1. The problem statement, all variables and given/known data

EDIT: Ahhh, my apologies. At first, I thought it appropriate for the non-calculus sub-forum, but by the title it really does not, XD. I also can't seem to find how to remove it. The question really does not require calculus, though!

Basically, the problem of finding the derivative y' is fine, but there is a point at which the text further simplifies the derivative in a method I do not understand, specifically from equation (2) to (3).

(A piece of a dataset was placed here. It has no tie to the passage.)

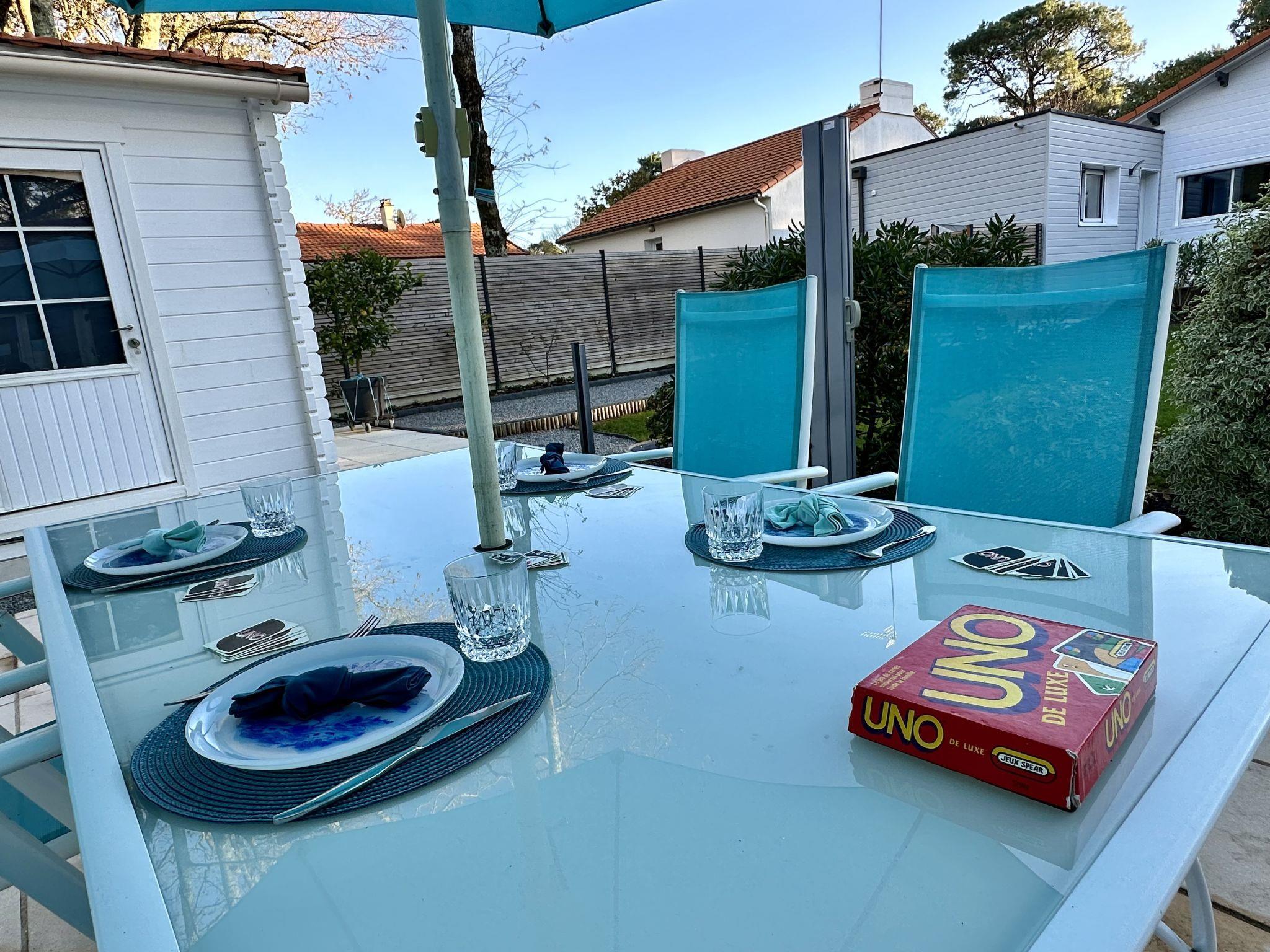 "Joannie", 2-room house 45 m2, south facing position. Comfortable furnishings: living/dining room with panoramic window with 1 double sofabed (1 x 140 cm, length 200 cm), TV (flat screen). Exit to the terrace. 1 room with 1 french bed (1 x 140 cm, length 200 cm). Exit to the terrace. Open kitchen (oven, dishwasher, 3 induction hot plates, toaster, kettle, microwave, electric coffee machine). Shower, sep. WC. Electric heating. Large terrace 50 m2, south facing position. Terrace furniture, barbecue, deck chairs (2). Facilities: washing machine, iron, hair dryer. Internet (WiFi, free). Please note: non-smoking house. Smoke alarm. Offer by a private individual according to Art. 155, IV of CGI.

$D_{x}y = \frac{1}{2\sqrt{x + \sqrt{x^{2}+1}}}\left[1 + \frac{x}{\sqrt{x^{2}+1}}\right]$ (1)
$D_{x}y = \frac{1}{2\sqrt{x + \sqrt{x^{2}+1}}}\left[\frac{\sqrt{x^{2}+1} + x}{\sqrt{x^{2}+1}}\right]$ (2)
$D_{x}y = \frac{\sqrt{x + \sqrt{x^{2}+1}}}{2 \sqrt{x^{2}+1}}$ (3)

2. Relevant equations

If it helps, $y = \sqrt{x + \sqrt{x^{2} + 1}}$

3. The attempt at a solution

I have tried a few things, such as multiplying and dividing (2) by the numerator of (3), adding both of the squares in the denominators of (2), and various other attempts, such as trying to go from (3) to (2) or (1). However, I don't seem to get anywhere. What is this silly small thing I am probably not seeing, XD?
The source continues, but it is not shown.